News Corp. chief Rupert Murdoch weighed in on the news crisis currently rocking the BBC.
Director-General George Entwistle resigned from the BBC on Saturday after a news program falsely accused a politician of child abuse. The devastating misreport came just weeks after the same program, "Newsnight," became the center of one of the worst scandals in the BBC's history, due to its decision to scrap an investigative report outing iconic British television host Jimmy Savile as a serial child sex abuser.
Murdoch, whose media empire suffered deeply from the phone hacking scandal that led to the closing of the News of the World tabloid, multiple arrests, parliamentary hearings and a press ethics inquiry, tweeted about the scandal the BBC currently faces.
"BBC getting into deeper mess. After Savile scandal, now prominent news program falsely names senior pol as paedophile," he wrote on Saturday before Entwistle resigned. "Editor- in- chief apologises and pleads total ignorance. Press having field day! What are editors for?"
After Entwistle's resignation, Murdoch added, "Now BBC will probably split editor-in- chief and Director General jobs.Would be much better. Guess FT Hislop real sleeper candidate."
Reuters' Michael Holden and Kate Holton provided some insight into Murdoch's response to the scandal when they reported on the BBC's loaded relationship with its competitors.

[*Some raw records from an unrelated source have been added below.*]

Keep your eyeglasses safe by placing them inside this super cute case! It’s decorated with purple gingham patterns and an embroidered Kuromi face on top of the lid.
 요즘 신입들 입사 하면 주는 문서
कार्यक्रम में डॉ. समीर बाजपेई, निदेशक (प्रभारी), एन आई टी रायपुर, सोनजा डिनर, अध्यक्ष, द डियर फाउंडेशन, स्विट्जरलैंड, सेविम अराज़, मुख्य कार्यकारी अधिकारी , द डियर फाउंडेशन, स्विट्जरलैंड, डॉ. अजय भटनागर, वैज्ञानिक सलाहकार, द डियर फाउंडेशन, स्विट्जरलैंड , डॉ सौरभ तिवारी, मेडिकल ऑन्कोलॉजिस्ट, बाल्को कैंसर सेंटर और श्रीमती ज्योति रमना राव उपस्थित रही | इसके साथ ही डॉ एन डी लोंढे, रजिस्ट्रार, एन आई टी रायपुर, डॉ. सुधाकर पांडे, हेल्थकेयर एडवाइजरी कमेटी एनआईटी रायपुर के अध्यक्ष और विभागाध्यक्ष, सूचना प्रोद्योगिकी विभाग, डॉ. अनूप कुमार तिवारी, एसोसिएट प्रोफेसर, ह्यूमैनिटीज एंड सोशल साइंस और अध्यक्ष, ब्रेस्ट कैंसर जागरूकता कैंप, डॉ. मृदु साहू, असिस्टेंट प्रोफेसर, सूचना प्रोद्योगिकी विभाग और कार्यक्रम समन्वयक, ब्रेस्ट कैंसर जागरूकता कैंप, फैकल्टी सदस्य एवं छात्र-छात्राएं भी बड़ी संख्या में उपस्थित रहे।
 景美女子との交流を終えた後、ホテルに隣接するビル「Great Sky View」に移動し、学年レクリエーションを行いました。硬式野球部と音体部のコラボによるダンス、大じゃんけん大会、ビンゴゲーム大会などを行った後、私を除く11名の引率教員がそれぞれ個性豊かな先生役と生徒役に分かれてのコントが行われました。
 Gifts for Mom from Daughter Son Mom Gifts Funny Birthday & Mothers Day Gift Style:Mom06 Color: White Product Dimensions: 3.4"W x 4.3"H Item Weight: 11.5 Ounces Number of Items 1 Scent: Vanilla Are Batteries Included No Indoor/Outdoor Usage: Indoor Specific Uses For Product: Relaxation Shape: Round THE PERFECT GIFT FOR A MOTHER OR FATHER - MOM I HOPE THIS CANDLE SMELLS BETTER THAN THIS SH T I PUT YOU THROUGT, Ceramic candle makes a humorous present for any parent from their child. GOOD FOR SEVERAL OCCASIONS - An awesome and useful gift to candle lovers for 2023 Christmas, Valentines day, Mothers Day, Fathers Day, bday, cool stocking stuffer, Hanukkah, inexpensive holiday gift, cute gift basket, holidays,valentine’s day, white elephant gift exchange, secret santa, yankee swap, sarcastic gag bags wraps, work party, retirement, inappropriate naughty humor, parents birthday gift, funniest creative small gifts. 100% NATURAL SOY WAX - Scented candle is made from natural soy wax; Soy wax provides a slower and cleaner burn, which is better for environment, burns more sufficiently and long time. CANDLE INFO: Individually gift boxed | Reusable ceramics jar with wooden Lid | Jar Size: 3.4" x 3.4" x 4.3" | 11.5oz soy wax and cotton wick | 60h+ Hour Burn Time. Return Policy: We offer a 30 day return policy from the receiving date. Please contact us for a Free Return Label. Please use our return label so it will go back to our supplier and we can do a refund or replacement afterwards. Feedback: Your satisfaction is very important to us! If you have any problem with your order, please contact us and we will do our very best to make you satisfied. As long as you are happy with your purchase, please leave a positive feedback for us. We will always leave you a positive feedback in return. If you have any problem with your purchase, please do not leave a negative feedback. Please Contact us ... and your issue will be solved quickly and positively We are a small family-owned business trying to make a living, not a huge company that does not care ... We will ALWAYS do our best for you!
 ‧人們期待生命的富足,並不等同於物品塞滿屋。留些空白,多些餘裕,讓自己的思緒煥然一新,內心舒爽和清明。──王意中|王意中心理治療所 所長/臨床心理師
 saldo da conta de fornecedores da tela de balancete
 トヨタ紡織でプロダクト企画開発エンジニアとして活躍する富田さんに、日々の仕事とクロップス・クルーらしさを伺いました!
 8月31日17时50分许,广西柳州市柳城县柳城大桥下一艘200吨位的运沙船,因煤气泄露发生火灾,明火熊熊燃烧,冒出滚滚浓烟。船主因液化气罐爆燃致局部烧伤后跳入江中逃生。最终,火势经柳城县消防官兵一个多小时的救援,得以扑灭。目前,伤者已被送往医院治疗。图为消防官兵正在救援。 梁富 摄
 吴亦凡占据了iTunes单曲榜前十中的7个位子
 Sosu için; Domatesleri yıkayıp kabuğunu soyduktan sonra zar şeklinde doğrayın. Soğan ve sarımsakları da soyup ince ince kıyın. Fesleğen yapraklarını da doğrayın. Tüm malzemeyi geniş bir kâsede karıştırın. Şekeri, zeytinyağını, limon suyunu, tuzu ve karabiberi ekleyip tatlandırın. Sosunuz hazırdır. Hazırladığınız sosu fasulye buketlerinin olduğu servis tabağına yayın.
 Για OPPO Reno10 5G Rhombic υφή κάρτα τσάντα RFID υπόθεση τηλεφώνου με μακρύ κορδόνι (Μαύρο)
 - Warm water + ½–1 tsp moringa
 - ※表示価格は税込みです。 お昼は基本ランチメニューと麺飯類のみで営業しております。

They wrote, "While respected around the world, the BBC has long been resented by its commercial rivals, who argue the licence fee gives it an unfair advantage and distorts the market. Murdoch's Sun tabloid gleefully reported Entwistle's departure with the headline 'Bye Bye Chump' and [BBC chairman Chris] Patten said News Corp and others would put the boot in, happy to deflect attention after a phone-hacking scandal put the newspaper industry under painful, intense scrutiny."